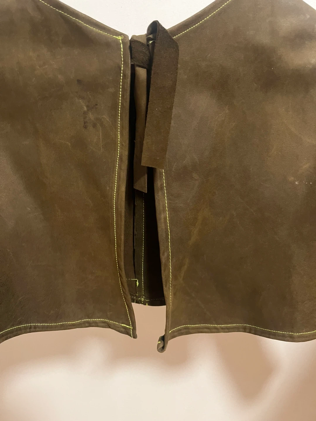 This is a custom design by me Super, soft leather with lime green stitching at the top sits just under boob style size small
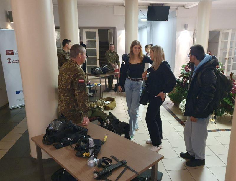 A highlight of the event for the students was meeting LASE graduates Lance Corporal Linda Jakovele and First Lieutenant Matīss Gabdulļins, who shared their personal experiences and discussed the challenges and opportunities of serving in the Military Police. The participants also had the chance to meet Jack, a trained service dog, and explore a range of military equipment, including crowd control gear, diving equipment, and military transport.
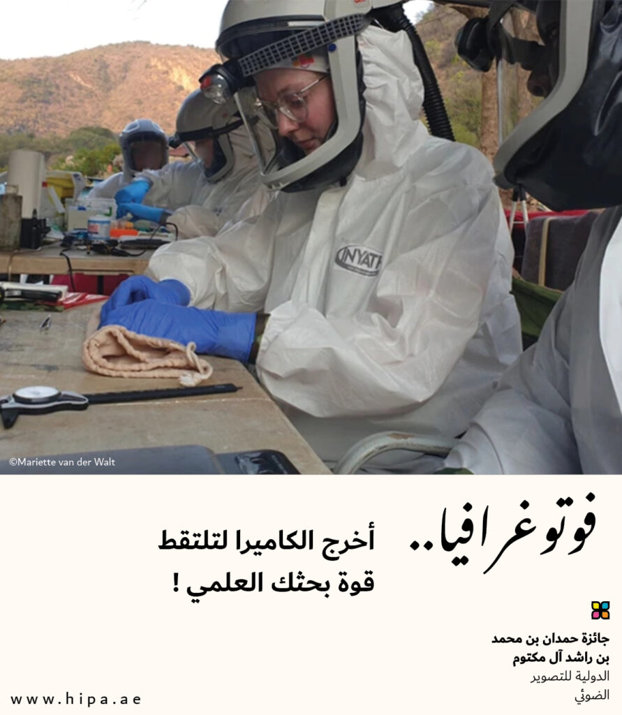 عملتُ لسنوات ضمن تخصّصي في علم البيئة فيما يتعلّق بالخفافيش، منغمسةً تماماً في جمع البيانات، قادتني أبحاثي حول الحفاظ على خفافيش الكهوف إلى أماكن نائية، كنتُ أزحفُ عبر الكهوف المُغطَّاة بذرق الطيور خلف الخفافيش. حينها كان التقاط الصور يُعتبر تشتيتاً للانتباه عن أبحاثي. قبل عامين، تركتُ العالم الأكاديمي للعمل في مجال التواصل العلمي في مركز GENUS بجامعة ويتواترسراند في جوهانسبرغ. واليوم أعمل مع الباحثين وأساعدهم في إضفاء الحيوية على علومهم من خلال قصصٍ مُقنِعة وتُشكِّلُ الصور الفوتوغرافية جانباً أساسياً من هذا العمل.

• PROBLEM TO WORK ON
Your task is to set down each line above verbatim while excluding the pictures.

• ANSWER TO THE PROBLEM
 This is a custom design by me Super, soft leather with lime green stitching at the top sits just under boob style size small
 A highlight of the event for the students was meeting LASE graduates Lance Corporal Linda Jakovele and First Lieutenant Matīss Gabdulļins, who shared their personal experiences and discussed the challenges and opportunities of serving in the Military Police. The participants also had the chance to meet Jack, a trained service dog, and explore a range of military equipment, including crowd control gear, diving equipment, and military transport.
 عملتُ لسنوات ضمن تخصّصي في علم البيئة فيما يتعلّق بالخفافيش، منغمسةً تماماً في جمع البيانات، قادتني أبحاثي حول الحفاظ على خفافيش الكهوف إلى أماكن نائية، كنتُ أزحفُ عبر الكهوف المُغطَّاة بذرق الطيور خلف الخفافيش. حينها كان التقاط الصور يُعتبر تشتيتاً للانتباه عن أبحاثي. قبل عامين، تركتُ العالم الأكاديمي للعمل في مجال التواصل العلمي في مركز GENUS بجامعة ويتواترسراند في جوهانسبرغ. واليوم أعمل مع الباحثين وأساعدهم في إضفاء الحيوية على علومهم من خلال قصصٍ مُقنِعة وتُشكِّلُ الصور الفوتوغرافية جانباً أساسياً من هذا العمل.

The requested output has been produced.